THE ROLE OF DIKE INTRUSIONS IN RIDGE FORMATION ON EUROPA

Many generations of linear and curvilinear ridges and troughs cover the surface of Europa, an icy satellite of Jupiter. Previous workers have differentiated between several ridge morphologies, including single ridges, double ridges, complex ridges and cycloidal ridges. A successful model for the formation of Europan ridges should account for the observed diversity of morphology and for the presence of transitions from one morphology to another along strike.

The lack of ridge segmentation motivates us to explore formation mechanisms related to fluid intrusion instead of faulting. We assume that liquid water fills tension cracks that open in the Europan crust in response to tidal stress and possible overpressure of a subsurface ocean. The crack would be long and essentially continuous, similar to dikes on Earth. It may adopt a cycloidal outline under a time-variable diurnal stress cycle. Volume expansion upon crystallization of the cracks would compress and buckle the adjacent crust. We developed initial models of ice deformation around a crystallizing intrusion to test the range of morphologies that may be produced. The model is set up in 2-D, as a cross-section of the ice shell taken perpendicular to the intrusion.

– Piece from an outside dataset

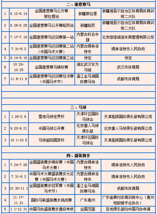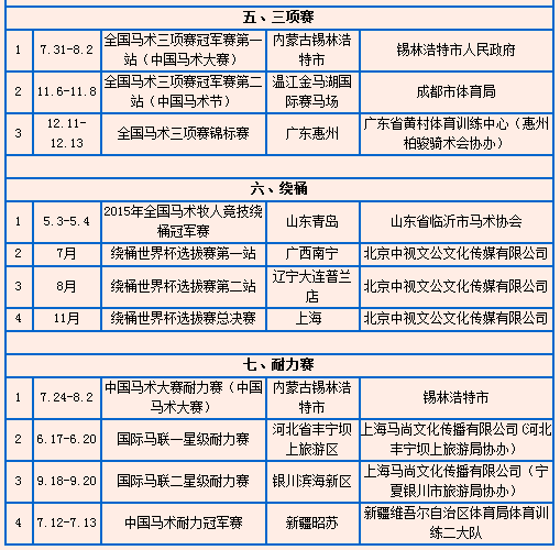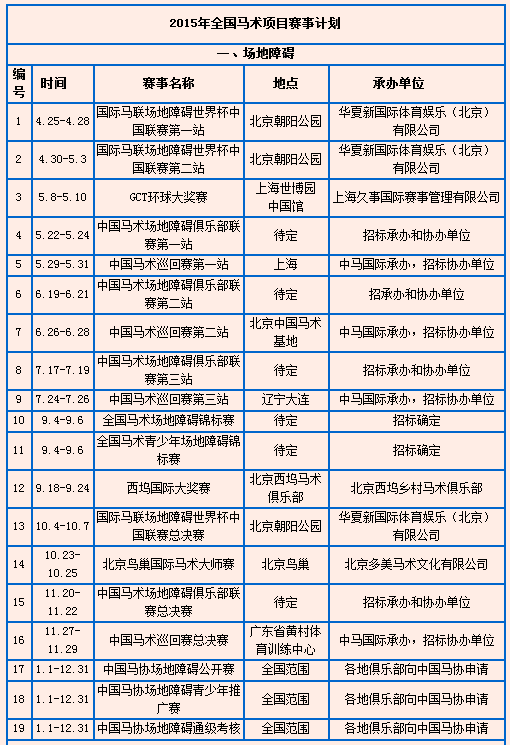中国马协发布2015年全国马术赛程 44场赛事贯穿整年

We report on the kinds of morphologies obtained by varying the depth and geometry of the intrusions, as well as the thickness of the ice layer. The geometry of the intruding dike has a major impact on ridge morphology. Specifically, the aspect ratio of the dike is the principal determining factor in whether a double or single ridge is observed on the surface. The mechanism easily transitions between forming a double ridge to forming a single ridge by changing only the aspect ratio of the intruding dike. A surface trough is generated when the intrusion is at greater depth and the double ridges become subdued with increased intrusion depth. As morphology is sensitive to the detailed geometry and depth of the intrusion, this model may allow for the estimation of water depth within or beneath the ice shell, and the thermal structure of the ice shell.